Big data applications have a need for speed. Big data is built around the concept of the “three V’s”: volume, variety, and velocity. For big data projects to be valuable, they have to be able to process lots of data (volume) in various structured and unstructured forms (variety) extremely fast (velocity). The value of big data is in the insight it delivers, so if you can process data in real-time or near real-time it has more value.
In the past, data was analyzed using batch processing. Chunks of information would be accumulated and submitted to the server. This schema works fine when the rate of incoming data is slower than the batch processing rate. With big data you have more data and more types of data requiring processing right away, so the batch process breaks down. Big data applications require a new strategy to handle data at rate approaching real time.
Being able to use real-time data as part of big data analytics provides a new level of insight which really makes big data valuable. Consider the amount of real-time information that can be made available for decision-making, such as data from mechanical sensors on the production line or unstructured data from social media. Twitter alone generates 58 million tweets per day or 9,100 tweets per second. If you are looking for sentiment on trending analyses and use Twitter as part of the big data mix, batch processing won’t be able to keep up. To deliver valuable business insight, big data applications have to be designed for speed.
“Watson, I Need You, NOW!”
IBM’s Watson computer project showed the power of real-time big data in 2011 when a computer was able to beat two human champions at “Jeopardy.” The demonstration showed that a new kind of architecture that uses more in-memory processing rather than accessing data stored on disk was faster and better suited to big data. A new kind of programming approach needs to be adopted to make better use of in-memory hardware.
This presents a programming paradox. Apache Hadoop has become the most popular platform for developing big data applications, yet Hadoop was developed as a batch-oriented system. When Yahoo! introduced Hadoop it proved to be well-suited for analytics and offered the added advantages of being open source and highly scalable. However, its real-time possibilities are still being proven, and other, faster in-memory databases like NoSQL are filling the gap.
Programmers have been trying to compensate for the batch-processing structure of Hadoop’s MapReduce using tools like the HBase database, SQL interfaces such as Impala, and in-memory frameworks such as Spark. However, for real-time data processing, NoSQL still delivers the best performance.

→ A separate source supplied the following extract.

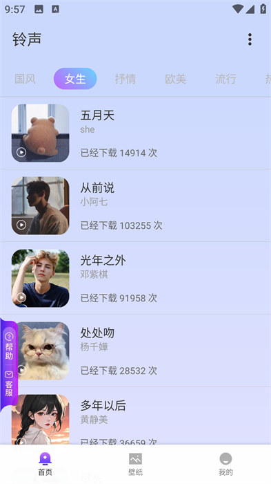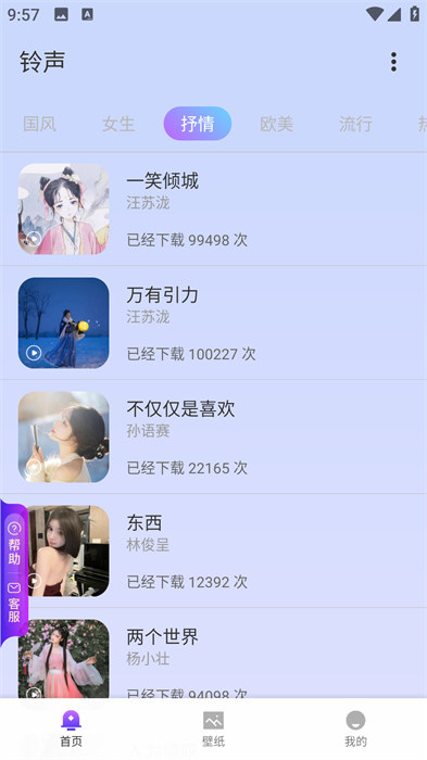 3、拥有十分丰富多样的铃声资源内容,包括了经典的音乐和自然的声音等类型;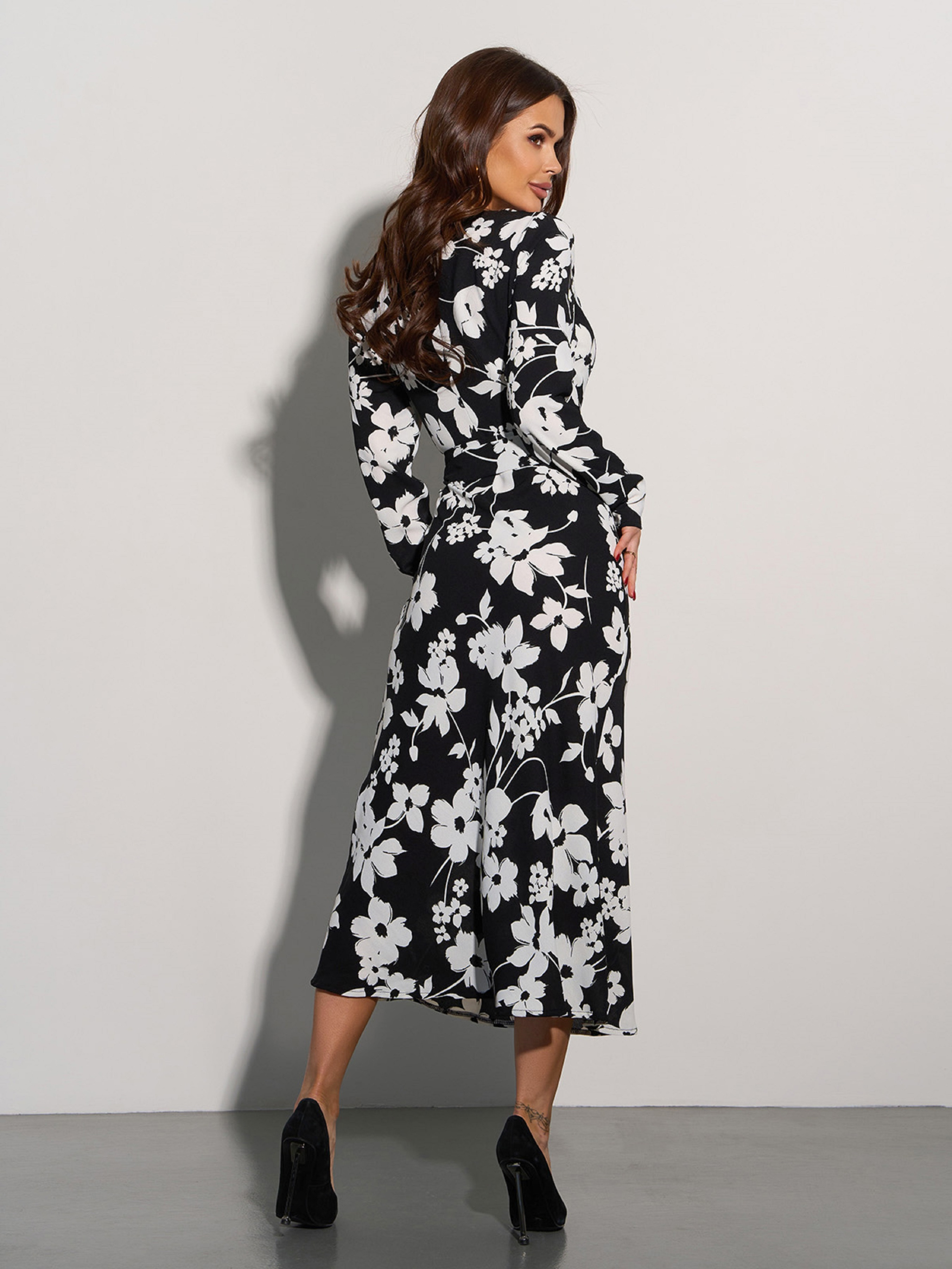 Черно-белое цветочное платье кроя годе из крепа. Платье миди длины с длинными рукавами и съемным поясом на пряжке. Модель с закрытой горловиной на пуговице и потайной застежкой-молнией. Состав: 59% полиэстер, 21% эластан, 20% хлопок. Полуобхват: Грудь: S (40), M (43), L (45), XL (47), XXL (49), 3XL (52), Талия: S (33), M (35), L (39), XL (41), XXL (44), 3XL (46), Бедра: S (42), M (46), L (47), XL (52), XXL (55), 3XL (58), Длина изделия - 122, Рукав - 59, Ткань: Низкой эластичности.

To deal with the problem, the Apache Software Foundation released Spark v1.0 in May, which allows developers to write big data applications in Java, Scala, or Python using more than 80 high-level operators. The new Spark release is said to run 100 times faster than MapReduce in memory for even faster analytics results.
Architecting for Big Data
To facilitate speed, big data applications have to be aided by smart hardware design. Solid-state drives (SSDs) based on NAND Flash memory are ideal for big data applications because of their hyper-fast performance. SSDs can be used to speed performance anywhere in the big data infrastructure, including host cache, network cache, storage arrays, or even hybrid storage arrays with an SSD tier.
Data virtualization is another strategy that improves performance for big data applications. Virtualization creates an abstraction layer within the IT architecture, pulling data from various sources and combining it with other data for analytics. Data virtualization speeds performance by allowing retrieval and manipulation of data without have to actually know how the data is stored or formatted. Virtualizing Hadoop promotes high-availability and better performance for big data applications.
So putting the velocity in big data is about promoting high-availability for streams of data. You can compensate for the Hadoop batch processing architecture using smarter programming tools, and by applying an architecture that makes the data more accessible to big data applications. Performance should be a major consideration in any big data initiative. The closer you can get to real-time data processing, the more valuable the results from big data will have for customers.
What’s your preferred approach to design for big data speed? Is it more of a hardware problem, a software problem, or both?